Toronto Raptors president Masai Ujiri won’t face criminal charges in California stemming from a physical dispute over credentials with a sheriff’s deputy after the last game of the NBA Finals earlier this year.
Alameda County Assistant District Attorney Teresa Drenick confirmed Tuesday that after a months-long investigation into the June incident in Oakland, prosecutors had decided not to charge Ujiri and instead suggested the two sides settle their dispute through mediation.
Ujiri met Monday with a member of the District Attorney’s office and the Raptors president’s local California lawyers. No one from Alameda County Sheriff’s office participated.
The meeting “focused on matters that we believe merited constructive, structured mediation and conflict resolution and were better handled in a setting outside of the courtroom,” Drenick wrote in an e-mail. She declined to offer more details.
Ujiri’s California lawyer Robert Beles, who has represented the Raptors president since shortly after the incident, described the Monday afternoon mediation in Oakland as a “friendly meeting” between the District Attorney’s office and Ujiri to close the lengthy investigation that involved interviewing several witnesses and reviewing videotaped footage of the altercation.
“That was the very final leg or part of the investigation was meeting with Masai himself,” Beles said in a phone interview. “There are no conditions on him whatsoever. It’s just go in peace and that’s the end of the investigation.”

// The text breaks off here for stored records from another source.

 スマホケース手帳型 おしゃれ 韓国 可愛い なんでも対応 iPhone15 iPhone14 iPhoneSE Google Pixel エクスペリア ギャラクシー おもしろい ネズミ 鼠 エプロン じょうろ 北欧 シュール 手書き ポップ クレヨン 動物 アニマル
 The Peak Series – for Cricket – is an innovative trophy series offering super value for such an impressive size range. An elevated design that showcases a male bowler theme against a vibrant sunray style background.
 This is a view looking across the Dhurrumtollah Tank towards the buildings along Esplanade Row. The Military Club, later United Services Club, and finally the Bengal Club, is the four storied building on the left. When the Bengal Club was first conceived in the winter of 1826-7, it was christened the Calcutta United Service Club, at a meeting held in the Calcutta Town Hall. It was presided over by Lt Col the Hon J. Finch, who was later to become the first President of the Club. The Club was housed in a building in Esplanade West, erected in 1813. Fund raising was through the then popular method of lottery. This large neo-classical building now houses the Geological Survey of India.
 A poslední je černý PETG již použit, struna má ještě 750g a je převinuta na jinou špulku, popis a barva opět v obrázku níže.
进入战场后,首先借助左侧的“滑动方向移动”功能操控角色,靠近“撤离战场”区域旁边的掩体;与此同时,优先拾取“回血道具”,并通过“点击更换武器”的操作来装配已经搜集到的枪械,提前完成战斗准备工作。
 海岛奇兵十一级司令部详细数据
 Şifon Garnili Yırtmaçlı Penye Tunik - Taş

The decision not to charge Ujiri lifts a cloud that has hung over the Raptors’ historic NBA championship since an altercation broke out between Ujiri and an Alameda County Sheriff’s deputy after the Raptors’ title-clinching game against the Golden State Warriors in Oakland on June 13.
As Ujiri tried to make his way to a trophy ceremony on the court, the sheriff’s office claimed that Ujiri flashed his NBA-issued credentials backwards while making his way past the officer, who was working security, shoving him aside. The officer then pushed back and asked for Ujiri’s badge and a shoving match allegedly ensued. Ujiri identified himself as the Raptors president, but the sheriff’s office says he was not wearing the yellow armband and purple badge needed to get on the court for the trophy celebrations.
The Globe and Mail viewed still images derived from footage captured by the deputy’s body camera and security video at Oracle Arena showing Ujiri with his arms raised toward the deputy. However, the sheriff’s office declined to play the full videos, which it said could interfere with the investigation. Four witnesses who spoke to The Globe said they did not see Ujiri strike the deputy’s face.
Alameda County Sheriff Greg Ahern, an elected official, had requested Ujiri be charged with battery of a peace officer, a misdemeanour punishable by up to a year in jail and a US$2,000 fine, alleging that Ujiri struck the deputy’s jaw and shoulder.
“The District Attorney’s office have their own criteria for figuring out whether they are or are not going to charge a crime. And I don’t know what they did or didn’t do. And it is not really determinative of what actually took place,” said the deputy’s lawyer, David P. Mastagni. He declined to discuss whether the deputy was still weighing whether to pursue a lawsuit against Mr. Ujiri.
The Alameda County Sheriff’s office declined to comment Tuesday night.